Macroeconomia

Retirar os estímulos, mas sem desestimular a retomada

25 ago 2020

A economia mundial segue se recuperando, graças à combinação de maior controle da pandemia e fortes estímulos monetários e fiscais. Nas duas áreas, ainda que as perspectivas sejam positivas, as incertezas são muitas e ainda restam vários obstáculos pelo caminho.

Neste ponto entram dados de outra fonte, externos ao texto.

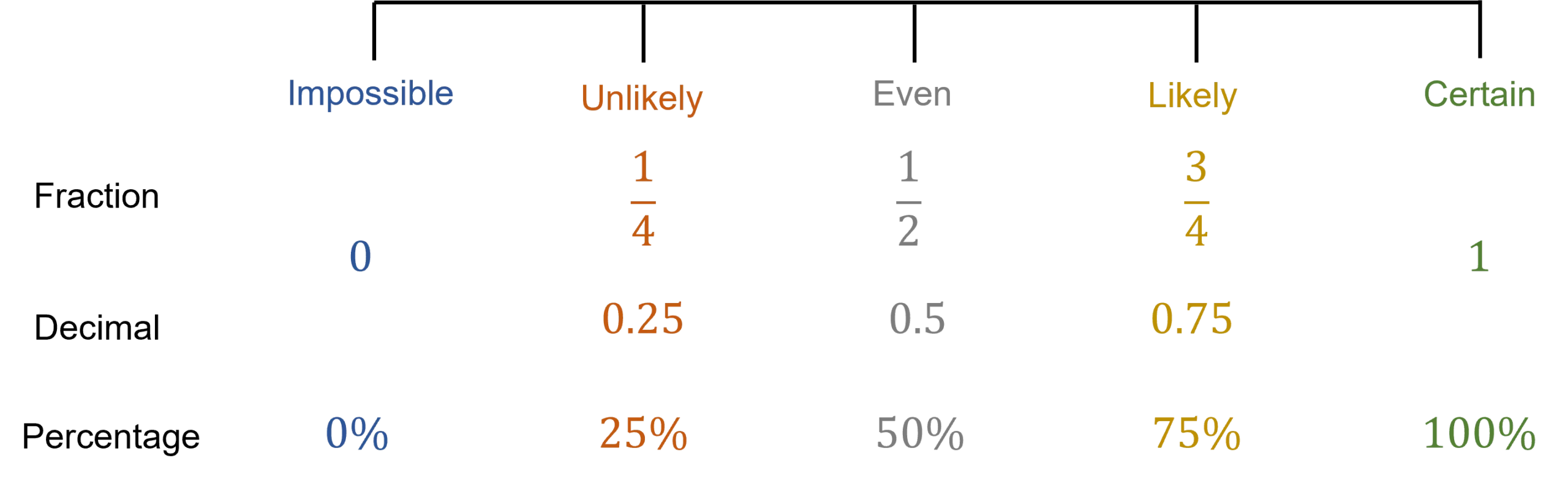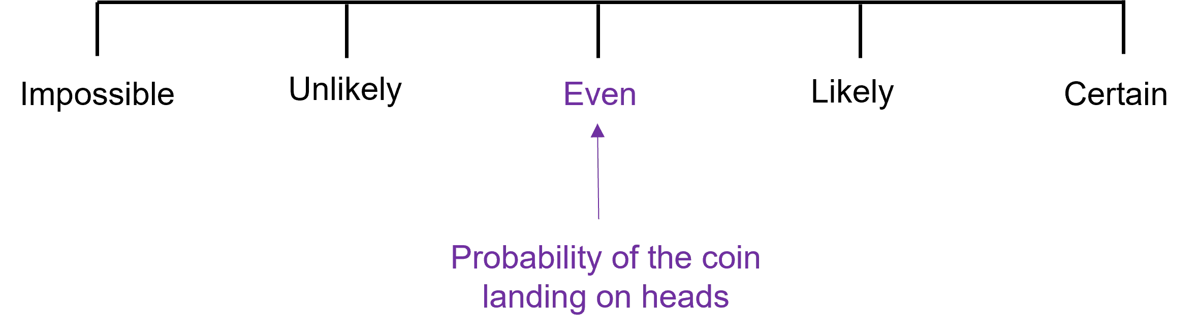 The range of probability is from impossible to certain and can be visualised on the probability scale below.

Globalmente, desde meados de julho os números de novos casos e de novas mortes por semana parecem ter se estabilizado. Descendo ao nível de país, porém, há dinâmicas bem distintas. Nos países mais pobres, como a Índia, a pandemia segue se alastrando, entre outras coisas por ter lá começado mais tarde. Nos países de renda média e, principalmente, entre as economias avançadas, o pior momento da pandemia parece ter ficado para trás.

Isso ajuda a explicar por que o ritmo e a forma da recuperação econômica não têm sido uniformes nos diversos países. Nos desenvolvidos, a Europa deve mostrar melhores resultados, pois, além de estar em um ciclo mais avançado da pandemia, a região tem se destacado pela capacidade de controle dos novos focos e de rastreamento. Porém, em alguns países, como Espanha e Alemanha, o avanço no número de novos casos diários preocupa. Nos EUA, após sofrer uma queda do PIB de 9,5% no segundo trimestre, em relação ao trimestre anterior, os dados de alta frequência de julho mostram que a economia está perdendo fôlego, devido aos surtos de vírus em vários estados. Nas últimas semanas, no entanto, houve uma desaceleração no número de novos casos diários.

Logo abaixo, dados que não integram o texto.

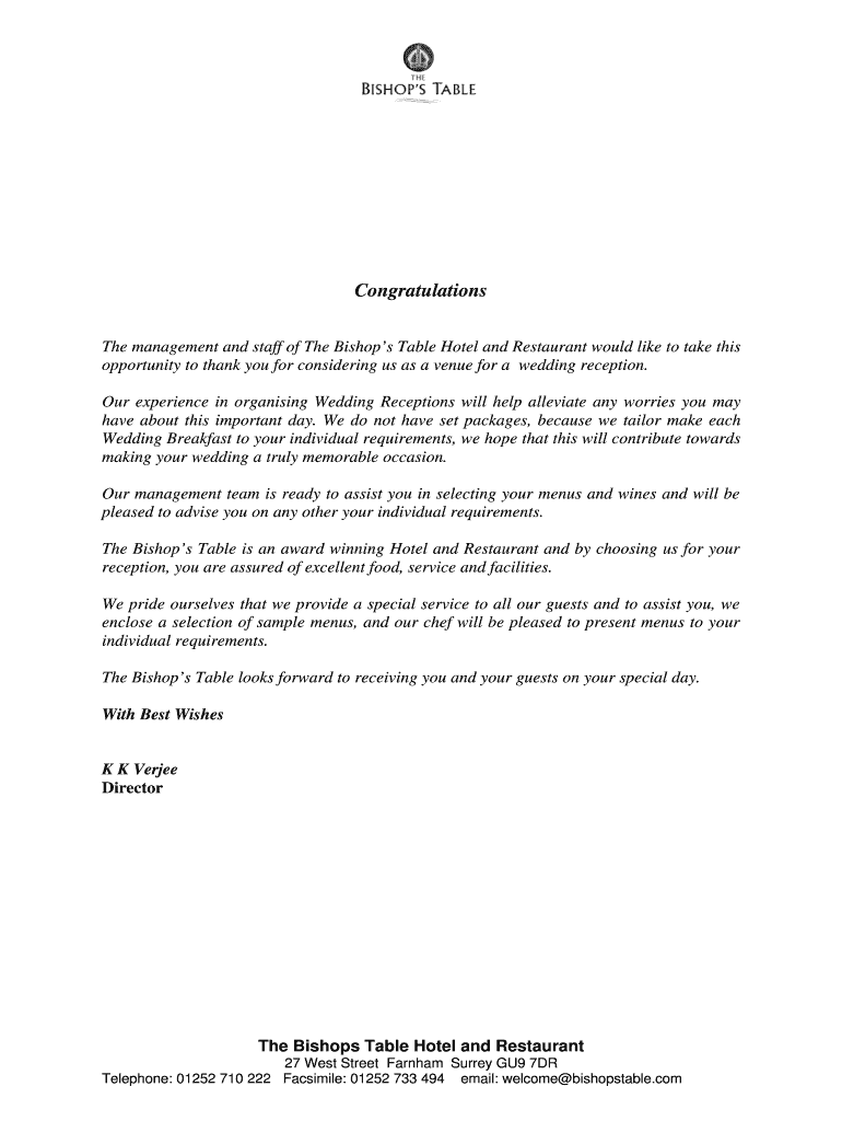 The management and staff of The Bishops Table Hotel and Restaurant would like to take this

Em termos setoriais, a recuperação da economia mundial tem sido liderada pela indústria e pelo comércio, com a retomada do setor de serviços ainda limitada pelas medidas de distanciamento social. Porém, mesmo nos serviços os indicadores mostram uma recuperação desde o pior momento em abril.

Do ponto de vista da economia mundial, o impacto da pandemia deve continuar cadente, não devendo impedir uma significativa expansão do PIB no terceiro trimestre. Assim, ainda que se receie uma nova onda no outono do hemisfério norte, época de alta incidência de vírus da gripe, essa não levará a novos fechamentos generalizados.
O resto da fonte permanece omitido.